Zero-G Experimental System
Updated: Nov 27, 2020
After several years of working with experimental aquaponic systems, including the SPACE 200 and the Hi-SEAS X-30 systems, we began plans to build a system scaled to production volumes. To better understand the logistics for growing off-season produce in our region, we built a small demonstration system in our home shop. Our shop space has a fairly small footprint (12’ x 12’) with high ceilings (13’).
To capitalize on our headspace, we built the system to suspend from the ceiling which allowed us to conserve floor space for seed starting. Although this allowed us to make the most of the floor space, it turned out to be a dangerous and tedious arrangement for managing plants. To check on our crops, we had to climb a very tall ladder to see them and then climb down to move the ladder to check the next tower over. Although we saved space by building high, we were wasting a lot of time and energy due to inaccessibility, not to mention the safety risks involved with working on a ladder so often.

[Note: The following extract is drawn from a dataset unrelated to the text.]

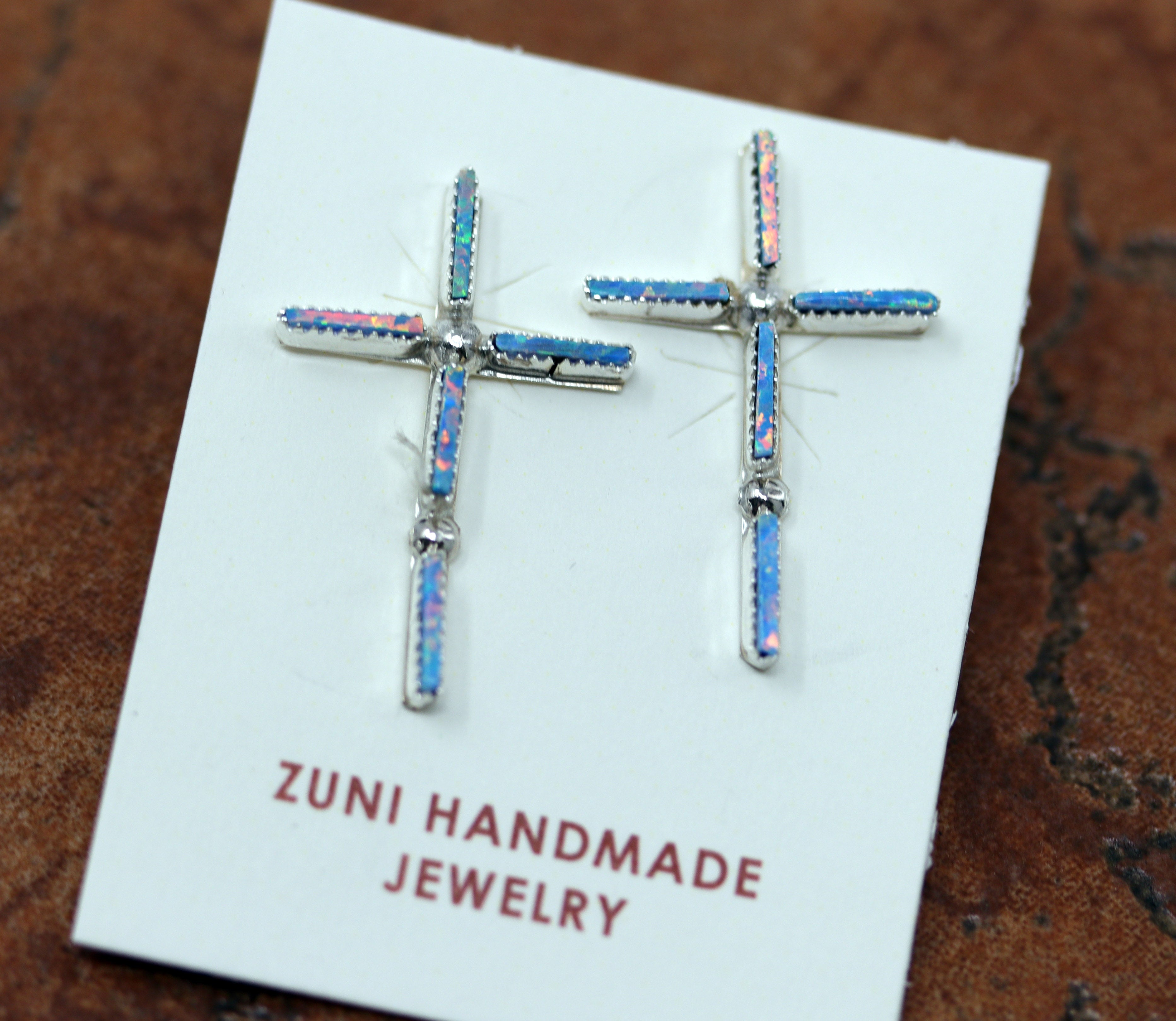 Beautiful Zuni Native American Cross earrings. They are made from sterling silver and created opal. Each earring is 1 1/8" in length, and about 3/4" in width.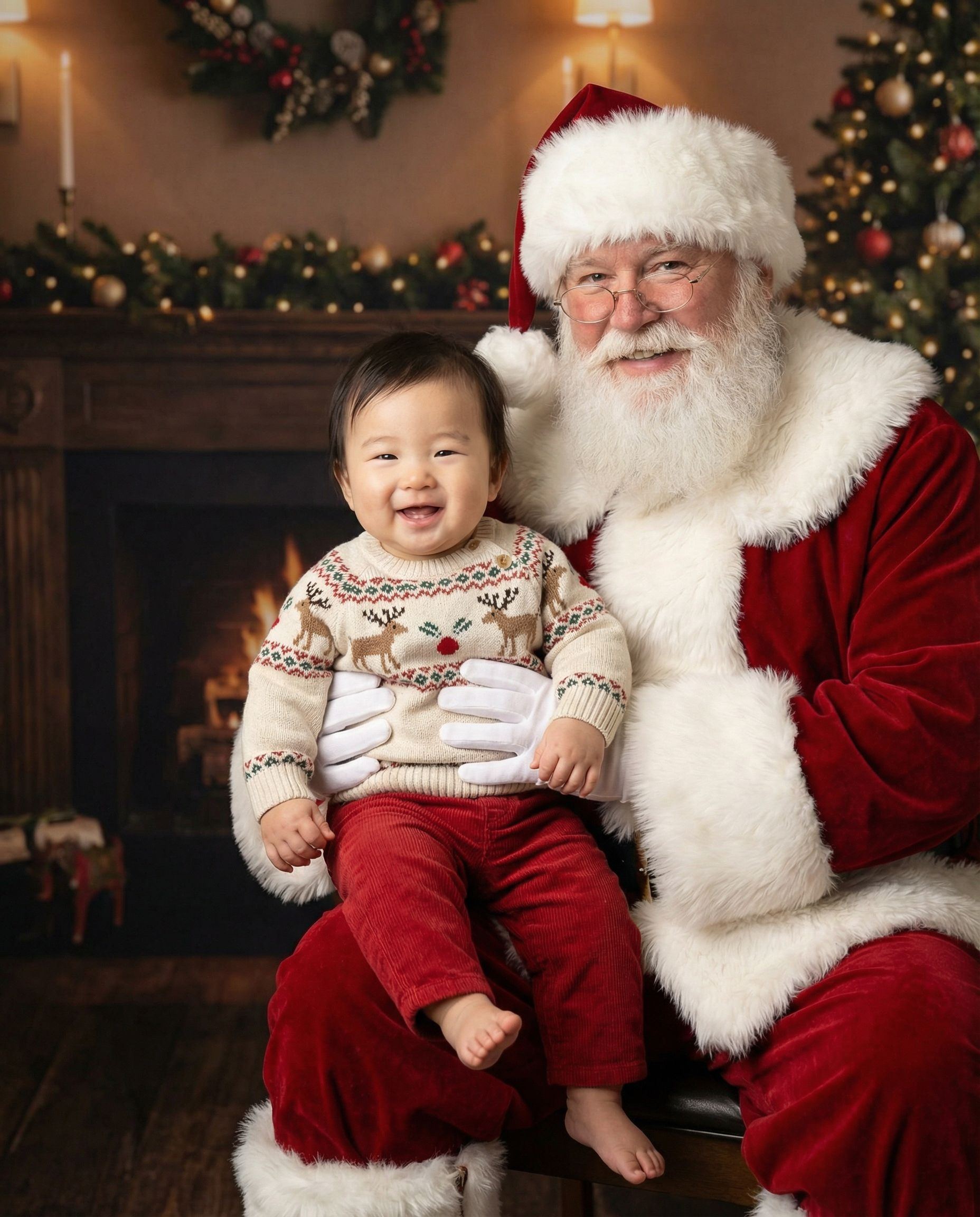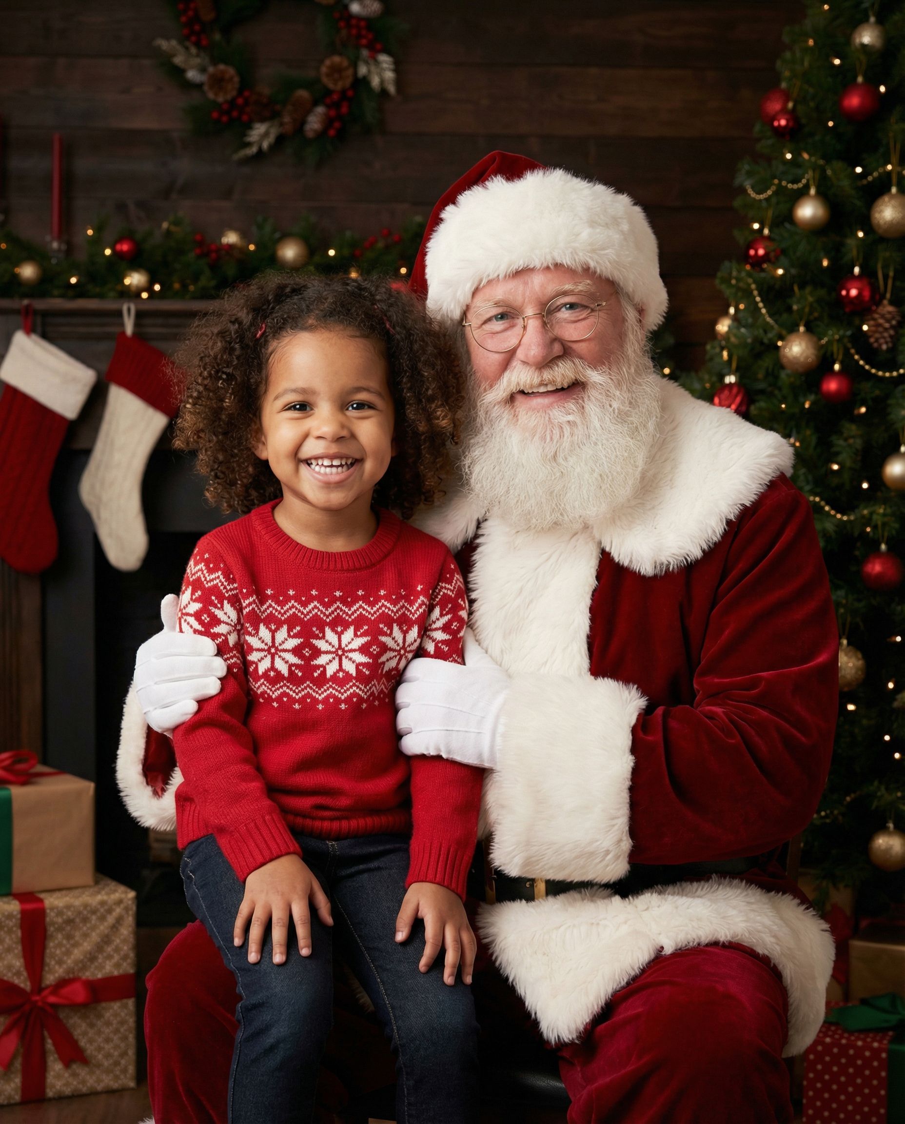 Classic Santa photo session with warm, professional lighting — perfect for families and kids.

To solve this problem, Jeff implemented a winch system that raises and lowers the towers when we need check on the plants. There are still some balance issues to work out with the winch, which becomes messy when the rows are full of water. Perhaps we should have hung the towers at eye level from the beginning, but hopefully our mistakes will inform future developments.
We had some really interesting results with our Zero-G system. Basil grew quite well and definitely has potential for commercial production. Herbs are generally thought to do poorly in controlled environment systems. This is usually because the environment is too accommodating to induce the stresses required to stimulate essential oil production in herbs. Nonetheless, we were able to grow some very fragrant rosemary, basil and lavender. Perhaps the frequency of our LED lights helped stimulate essential oil production.
We also grew a few varieties of leafy greens, but they exhibited a very strange growth pattern of elongated nodes. I have read that this growth pattern occurs in soybeans when there is a non-ideal ratio of red to far red light used. The article stated that a certain threshold of blue light can remedy this problem. The next time we grow leafy greens I will try using a more complete spectrum. The leafy greens also had heavy issues with whiteflies and aphids. We didn’t see any insects on the herbs, probably because their essential oil production acted as a herbivore deterrence.
We shut the system down at the end of the winter when we started to focus our attention on outdoor crops. If we were to reboot the Zero-G, I would definitely want to adjust the aforementioned issues. But the most important change I would want to implement is USDA compliance practices so that we can feel more confident about the safety of the food we are producing.
We learned a lot and collected a lot of really great data with the Zero-G experimental system. We considered applying for the Growth Through Agriculture grant again this year, but when I was writing our proposal for a container sized production facility, I kept waking up in the middle of the night with a voice saying “Don’t do this!” After some soul searching, Jeff and I realized that we don’t necessarily want our lives to be about large scale crop production. We love to research, experiment and create. We decided to shift our focus and continue to experiment with controlled environment agriculture while sharing our experiences with the world.